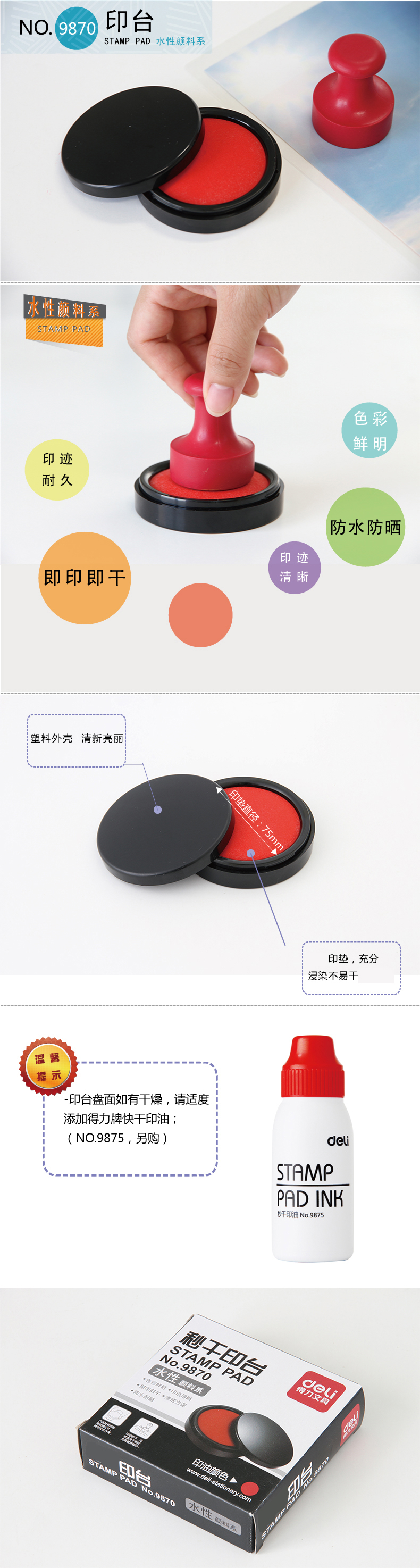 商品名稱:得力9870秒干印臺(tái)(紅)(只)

==

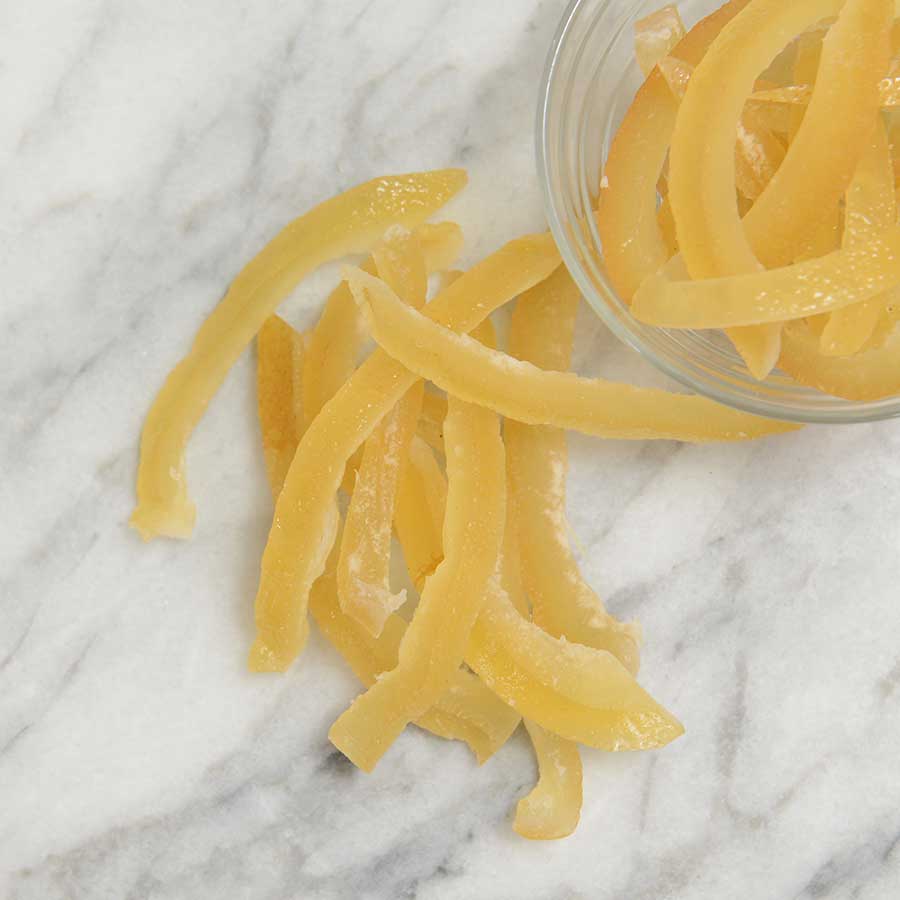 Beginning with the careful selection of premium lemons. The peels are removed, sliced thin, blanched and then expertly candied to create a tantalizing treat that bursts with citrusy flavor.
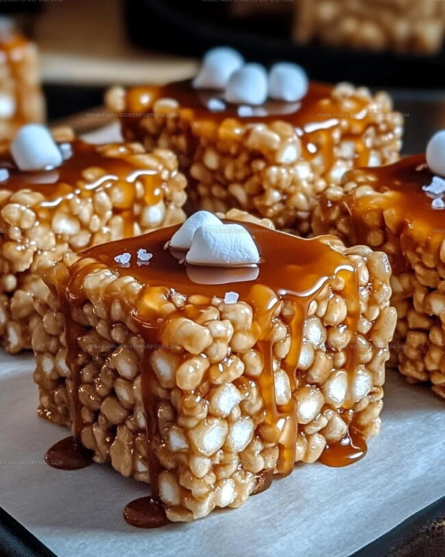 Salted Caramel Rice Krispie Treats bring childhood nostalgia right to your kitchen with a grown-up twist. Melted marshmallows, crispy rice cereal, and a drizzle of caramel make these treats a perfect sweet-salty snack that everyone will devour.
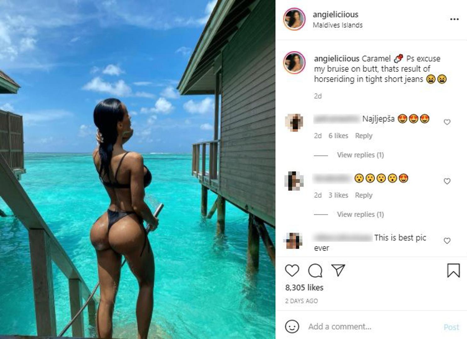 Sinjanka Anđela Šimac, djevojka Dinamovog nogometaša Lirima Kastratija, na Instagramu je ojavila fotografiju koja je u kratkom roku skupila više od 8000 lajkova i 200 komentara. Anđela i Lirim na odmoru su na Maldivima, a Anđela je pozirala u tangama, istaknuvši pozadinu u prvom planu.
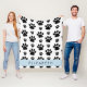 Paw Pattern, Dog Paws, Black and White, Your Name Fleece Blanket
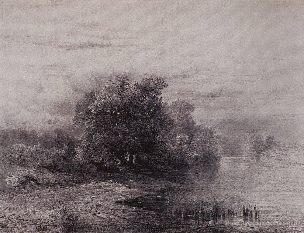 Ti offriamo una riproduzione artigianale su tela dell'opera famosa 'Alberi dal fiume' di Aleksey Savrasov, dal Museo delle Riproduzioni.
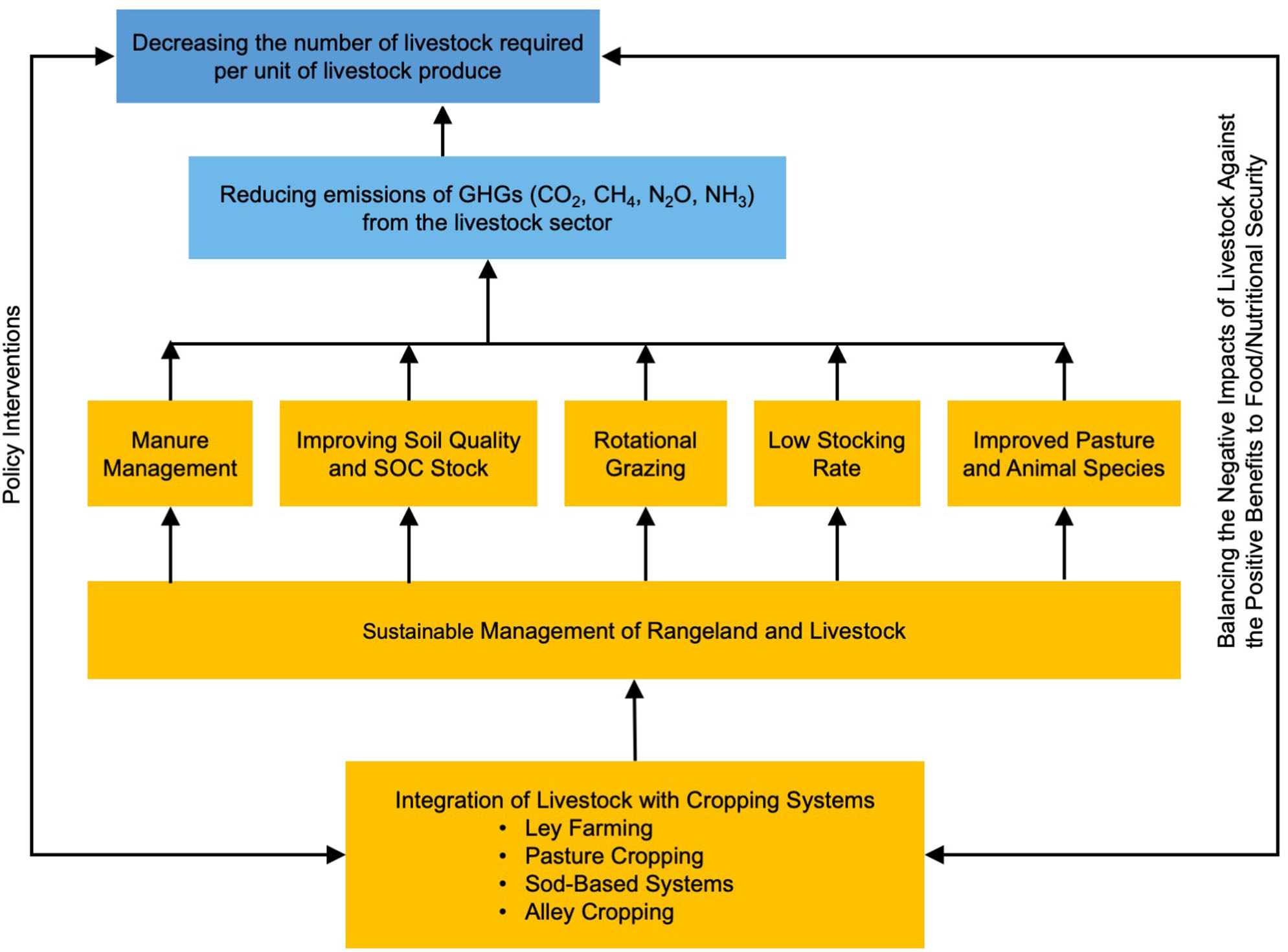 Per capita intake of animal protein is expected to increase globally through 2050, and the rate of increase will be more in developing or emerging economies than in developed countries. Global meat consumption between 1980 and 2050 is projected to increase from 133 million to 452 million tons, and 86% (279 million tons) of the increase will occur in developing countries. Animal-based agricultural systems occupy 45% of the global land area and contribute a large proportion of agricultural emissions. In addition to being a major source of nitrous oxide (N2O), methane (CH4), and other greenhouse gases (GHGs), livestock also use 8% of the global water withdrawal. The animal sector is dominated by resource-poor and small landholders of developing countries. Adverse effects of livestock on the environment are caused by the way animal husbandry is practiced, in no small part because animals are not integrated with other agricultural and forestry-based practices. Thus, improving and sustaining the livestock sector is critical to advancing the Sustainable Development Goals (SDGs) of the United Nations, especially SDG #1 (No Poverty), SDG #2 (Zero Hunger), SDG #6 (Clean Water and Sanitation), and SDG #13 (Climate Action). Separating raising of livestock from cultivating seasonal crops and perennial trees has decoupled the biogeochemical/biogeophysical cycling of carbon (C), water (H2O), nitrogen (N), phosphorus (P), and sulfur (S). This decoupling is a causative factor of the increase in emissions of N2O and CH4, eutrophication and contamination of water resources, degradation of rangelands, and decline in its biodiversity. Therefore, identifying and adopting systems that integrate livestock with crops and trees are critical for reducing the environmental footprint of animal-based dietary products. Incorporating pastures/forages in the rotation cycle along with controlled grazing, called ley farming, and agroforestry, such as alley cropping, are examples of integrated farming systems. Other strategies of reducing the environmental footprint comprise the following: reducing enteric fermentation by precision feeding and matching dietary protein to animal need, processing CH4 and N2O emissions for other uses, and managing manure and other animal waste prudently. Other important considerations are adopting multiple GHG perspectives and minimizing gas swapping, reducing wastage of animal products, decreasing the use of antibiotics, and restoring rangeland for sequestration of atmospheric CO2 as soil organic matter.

INSTRUCTIONS TO FOLLOW →
What to print is the stretch of entries from the line with "Salted Caramel Rice" up to and including the line with "Paw Pattern, Dog". Please print it exactly and leave out the pictures.

FINISHED EXERCISE →
 Salted Caramel Rice Krispie Treats bring childhood nostalgia right to your kitchen with a grown-up twist. Melted marshmallows, crispy rice cereal, and a drizzle of caramel make these treats a perfect sweet-salty snack that everyone will devour.
 Sinjanka Anđela Šimac, djevojka Dinamovog nogometaša Lirima Kastratija, na Instagramu je ojavila fotografiju koja je u kratkom roku skupila više od 8000 lajkova i 200 komentara. Anđela i Lirim na odmoru su na Maldivima, a Anđela je pozirala u tangama, istaknuvši pozadinu u prvom planu.
 Paw Pattern, Dog Paws, Black and White, Your Name Fleece Blanket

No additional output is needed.